September 30th – A grim, wet and windy day. I went out about 6pm, and enjoyed a spin round a dark and deserted Brownhills. It felt very wintery, but the wet roads sang under my wheels and the unusual solitude on the streets was welcome. In Coppice Lane, Brownhills, I noted the scumbags have been flytipping again; 2 complete leather sofas and at the top, garden waste.

If you pay people to do jobs like gardening or rubbish removal on the cheap, you’re contributing to this problem. It costs everyone money, as our council tax has to pay for the cleanup.

The animals that do this are arseholes. No more, no less.

March 31st – Just off Gravelly Lane in Stonnall, an unnamed track runs behind Stonnallhouse Farm to Lower Stonnall. In this lovely, bucolic spot, some scumbag has dumped a couple of of sofas and some unwanted building materials, right beside an anti-flytipping sign. Did you pay some nomark to get rid of your trash? Man with a van a little to cheap and handy? Or did some member of your family not bother with the niceties of the tip?

Whoever it was, they’re scum. I hope their balls drop off.

December 20th – 390 metres up on Nether Low, on a desolate bridleway ten miles from the nearest significant town, this beautiful spot is blighted by flytipping. Possibly the remnants of metal theft, a pile of discarded cable insulation. Scrap yards pay more for stripped copper, so the insulation is carelessly discarded. This is the visible side effect of the scrap trade, and we’re still no closer to solving the problem. My views on this, and the current pointless knee jerk reaction are well known. Meanwhile, while politicians and the public prevaricate, the damage continues. Senseless. The good people fighting this crime need more resources. Now.

September 20th – An innovative approach to flytipping. Load all your shit into a wheelbarrow, push it as far away from roads as you can get, then just dump the perfectly good barrow and the rubbish. Sorted. This scumbag’s rubbish lay by the Arrow Valley Cycle Trail in Redditch for less than a day; a quick phone call to the  relevant council and it was all cleaned up. Top work – I just hope the arseholes left some identifying material in the heap…

August 8th – This annoys the hell out of me. Well-to-do house in Little Aston Lane, Little Aston. One presumes that the owners have left two old video recorders on the pavement for the tatters and scrap men to collect. Lots of people do this – I often see washing machines, fridges and household items left out in this way. After all, they take your rubbish, and make a few bob… What could possibly be wrong with that?

Most scrapyards pay less for contaminated metal loads – those containing plastic and other material – or will not accept them at all.

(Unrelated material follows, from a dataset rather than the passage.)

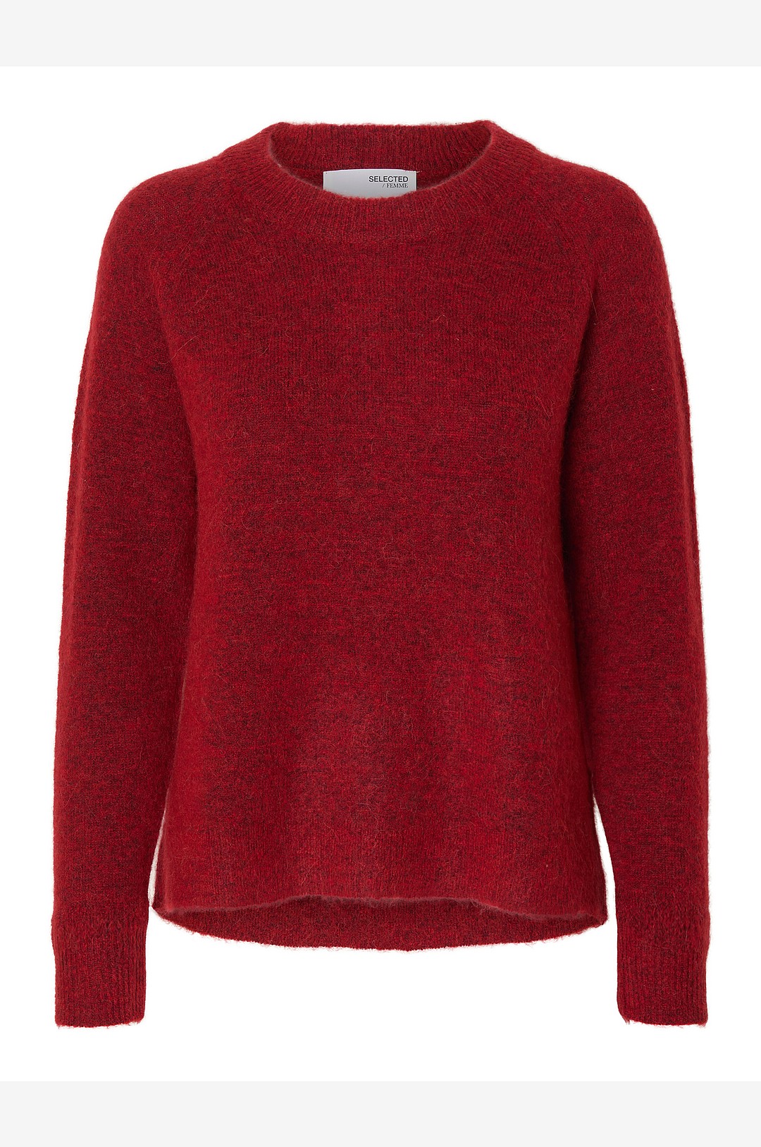 Selected FEMME - Tröja slfLulu LS Knit O-neck - Röd

Thus, the plastic parts of these devices will be smashed off. The metal will indeed end up in some tat yard, but the plastic? Look in lay-bys, wastelands and other spots for the flytipped remains of consumer whitegoods and junk like this. 

By leaving stuff out, people are contributing to the flytipping and metal theft plague we’re currently enduring. Tatters are competing for junk to the extent that I’ve seen them pulling metalwork out of the canal, so will take anything. Leaving stuff for them just encourages more of their nuisance. It’s also illegal to give waste to a non-licensed carrier – if this stuff is traced back, you can be prosecuted as well as the carrier.

All because the owner couldn’t be arsed to use the local refuse facility.

July 17th – more flytipping. Last week, whilst passing through High Heath, I recorded the beauty of this field from exactly the same spot – on this grey Sunday morning some scumbag has just reversed into the field and flytipped a pile of rubbish – which again, would mostly have fitted in a household dustbin. My mind boggles at the kind of tossers who would see fit to visit such vandalism on such a wonderful view.